**PROMPT**:
Please give the lines below again exactly as they stand, from the one that contains "Bolsa en resistente" up to and including the one that contains "굴착 포크가 두꺼워졌습니다.", leaving all pictures out.

**RECORD EXTRACTS**:
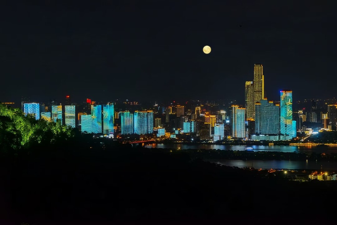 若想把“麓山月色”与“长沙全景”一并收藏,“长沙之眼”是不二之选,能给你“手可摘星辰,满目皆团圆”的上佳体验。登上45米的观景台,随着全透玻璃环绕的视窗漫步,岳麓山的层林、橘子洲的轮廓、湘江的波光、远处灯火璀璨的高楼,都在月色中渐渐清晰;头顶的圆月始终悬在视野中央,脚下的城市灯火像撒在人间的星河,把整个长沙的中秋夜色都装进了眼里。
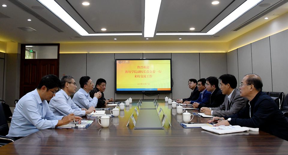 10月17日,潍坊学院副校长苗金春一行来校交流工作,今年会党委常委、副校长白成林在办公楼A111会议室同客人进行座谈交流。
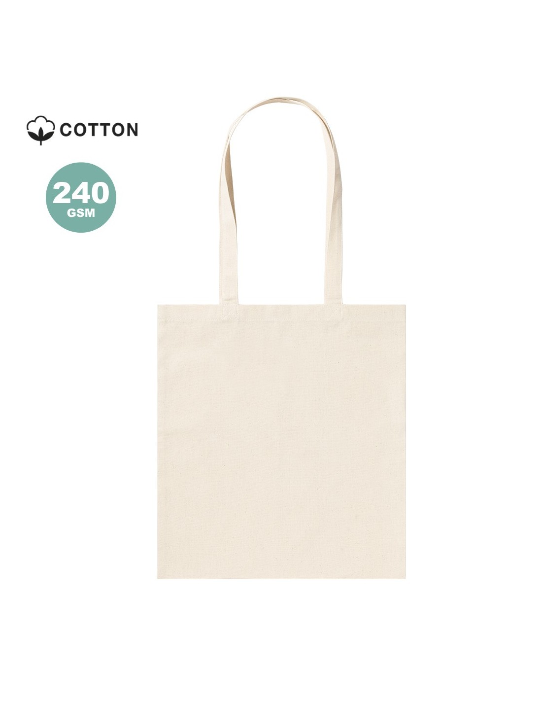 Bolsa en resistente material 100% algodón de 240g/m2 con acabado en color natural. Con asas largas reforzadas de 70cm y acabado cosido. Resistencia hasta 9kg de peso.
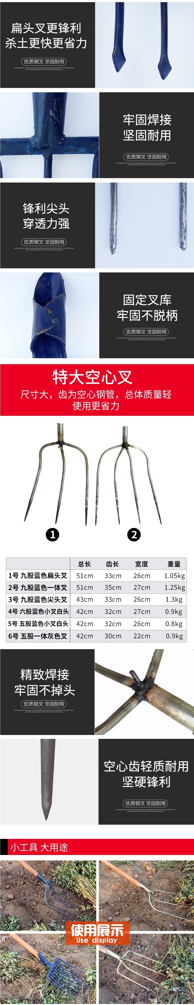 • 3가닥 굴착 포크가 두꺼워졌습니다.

==

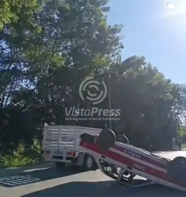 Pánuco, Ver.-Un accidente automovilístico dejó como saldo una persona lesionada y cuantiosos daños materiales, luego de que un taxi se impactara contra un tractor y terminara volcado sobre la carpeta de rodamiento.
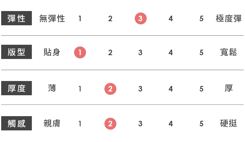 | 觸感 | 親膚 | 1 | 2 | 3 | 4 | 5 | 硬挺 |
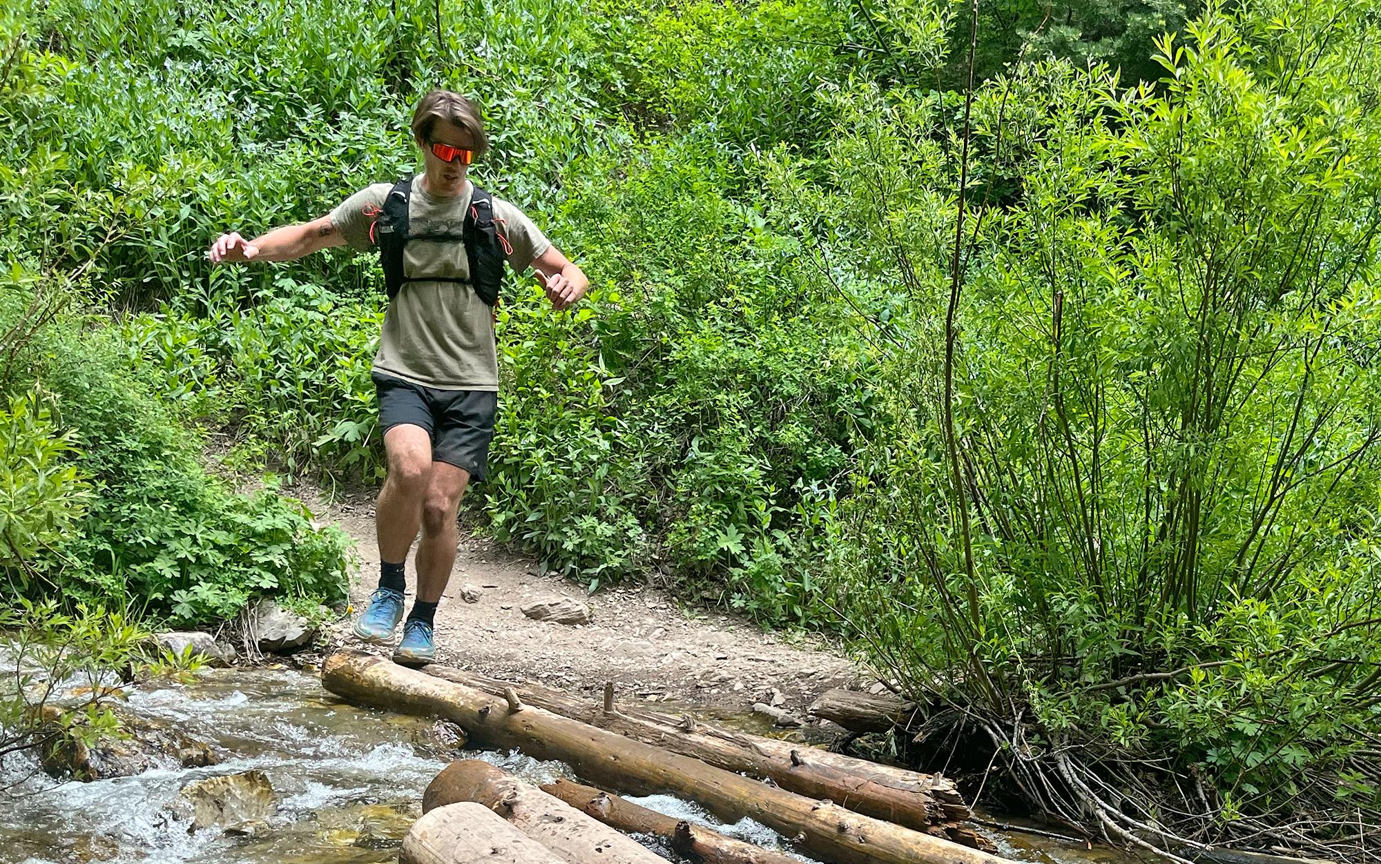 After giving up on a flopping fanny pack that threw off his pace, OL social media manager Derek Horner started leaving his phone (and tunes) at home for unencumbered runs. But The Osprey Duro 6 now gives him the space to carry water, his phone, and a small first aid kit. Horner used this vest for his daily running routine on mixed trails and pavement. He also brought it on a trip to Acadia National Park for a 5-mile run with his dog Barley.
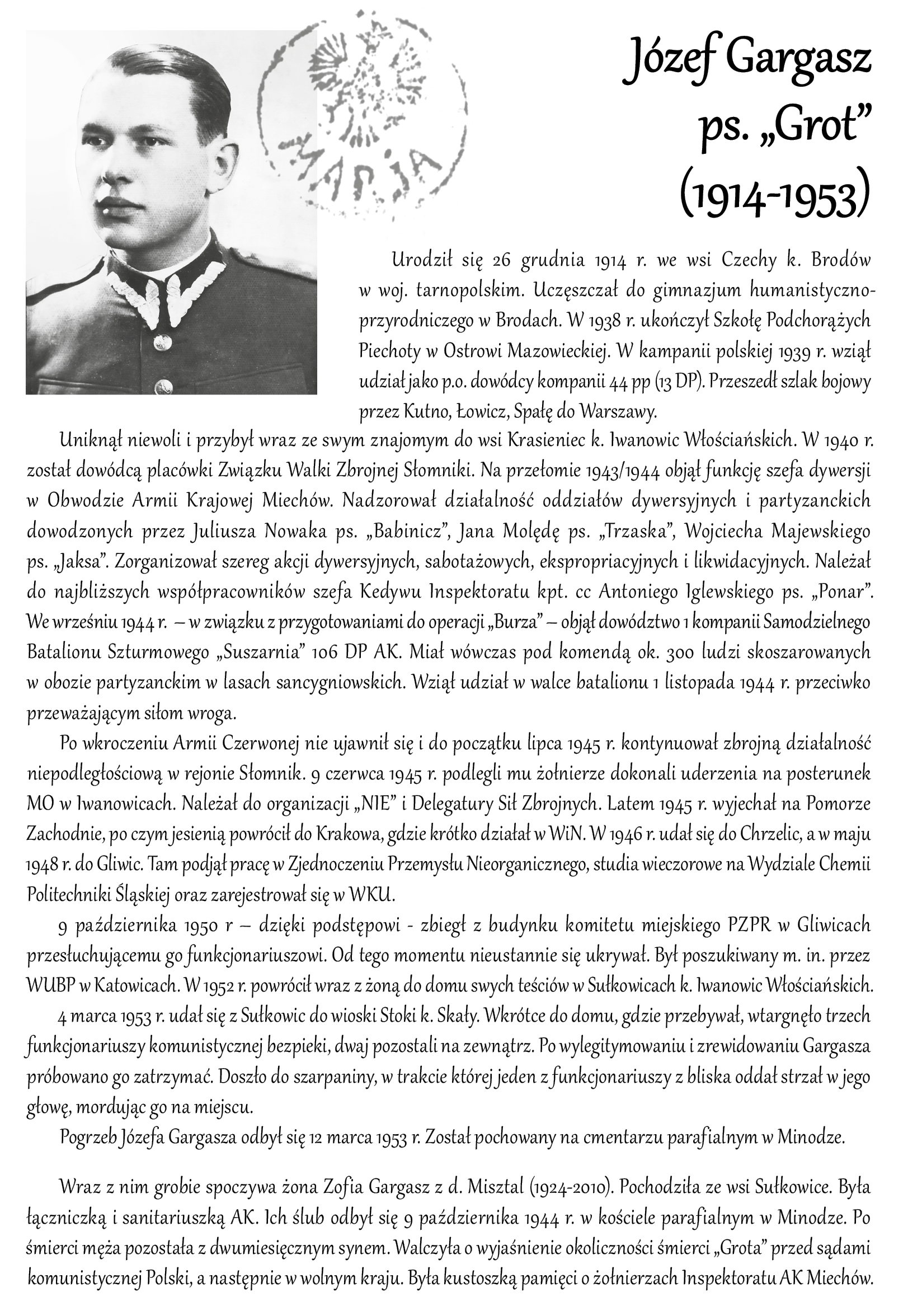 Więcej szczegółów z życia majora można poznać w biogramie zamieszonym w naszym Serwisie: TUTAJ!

**SOLUTION FOR THIS TASK**:
 Bolsa en resistente material 100% algodón de 240g/m2 con acabado en color natural. Con asas largas reforzadas de 70cm y acabado cosido. Resistencia hasta 9kg de peso.
 • 3가닥 굴착 포크가 두꺼워졌습니다.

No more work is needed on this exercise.